The FP staff is incredibly collaborative. Every staffer wears various “hats” because of FP’s status as a small nonprofit publisher. We provide a high level of author care, and every person on staff knows every author by name and gets to work on each project in some capacity along the book’s life, from Microsoft Word document to finished book to all the great engagement our titles receive online and in the larger world.
What do you see as setting Feminist Press apart from other publishers?
More than a publishing house, Feminist Press provides a fulcrum of feminist action, uniting a multigenerational coalition of writers, scholars, activists, artists, and educators. As a nonprofit, our mission is supported by a host of partners engaged in similar efforts to support creative production from marginalized communities.

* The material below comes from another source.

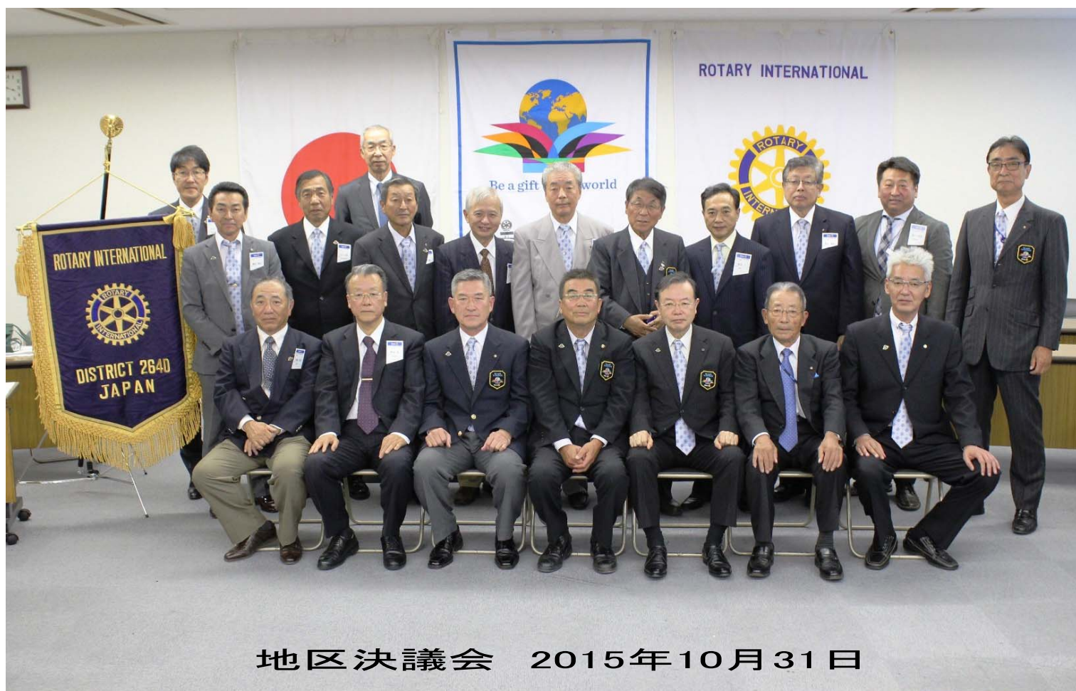
地区決議会 2015年10月31日

What’s next for Feminist Press?
The Feminist Press has always served as the literary vanguard of the feminist movement. The year 2020 is giving us time to honor our origins while looking toward the future of feminist innovation. As a nonprofit, our mission is supported by a host of organizations engaged in similar efforts to support creative production from marginalized communities. We’re using this milestone as a moment both to celebrate our legacy and to build momentum for the needs of our community. At the time of our founding, many asked why a feminist press was needed—but in a moment where issues of gender, sexuality, race, class, and nationality increasingly dominate public discourse, FP’s fifty years of success and expansion signal not only cause for celebration, but the ongoing need for diversity in publishing. We’re celebrating our fiftieth anniversary with a dynamic list of new books and reissues.